1) Can you think of an evolutionary tree containing some kind of cycle?

2) Can an evolutionary tree be not binary?

These are the questions for us to think about.

Rooting problem

3) If I give you 5 species: mouse, cat, lion, human, rat, chimp; can you make a tree for these species "empirically", based on your basic knowledge?

Seems easy! Until it gets harder...

Algorithms in details

Now let us go into details on two last algorithms discussed in the lecture: parsimony and maximum likelihood.

Parsimony, Fitch algorithm

Let us consider a tiny alignment of four sequences with three sites. There are three possible tree topologies in this case. We need to find a tree with the minimal number of evolutionary events (nucleotide substitutions in our case) required to happen for our alignment. We will look at each site separately for a given tree and count the number of substitutions (red marks on the picture). If the clade with two leaves has the same nucleotide, then the substitution happened upstream this clade.
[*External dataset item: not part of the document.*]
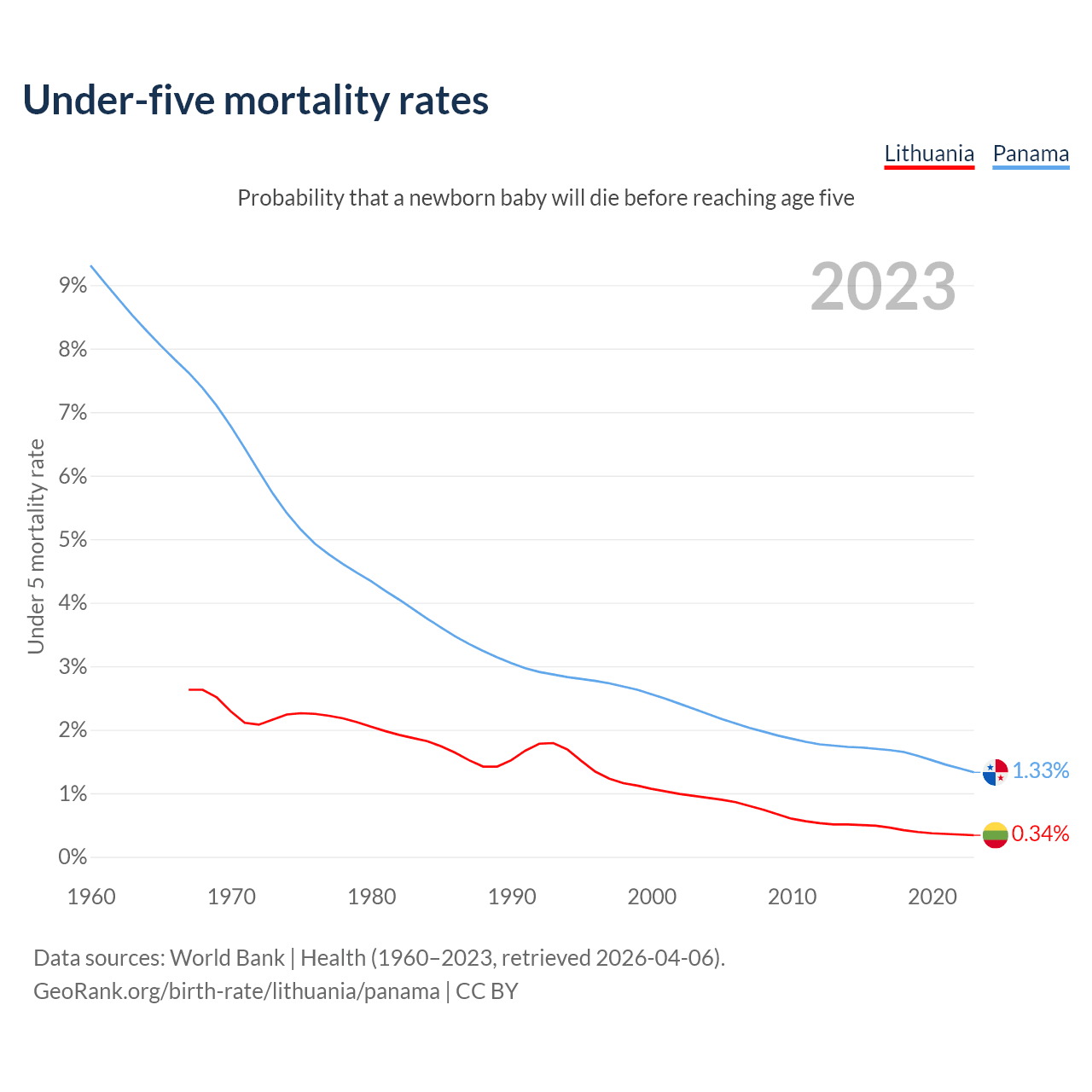 The chance that a newborn baby will die before reaching age five is 0.34% in Lithuania and 1.33% in Panama. Above is a chart with historical data on under-five mortality rates.

First aligned column is GGAA, second - GGCC, third - TGTG. There are three possible tree topologies in this case (A - when 1, 2 and 3, 4 converge first; B - when 1, 3 and 2, 4 converge first; C - when 1, 4 and 2, 3 converge first). Therefore, the total number of required substitutions for ((1,2)(3,4)) tree is 4; for ((1,3)(2,4)) tree is 5; for ((1,4)(2,3)) tree is 6.

Tree A wins! Note, that in Fitch algorithm each substitution adds cost of 1 to the total cost of the tree.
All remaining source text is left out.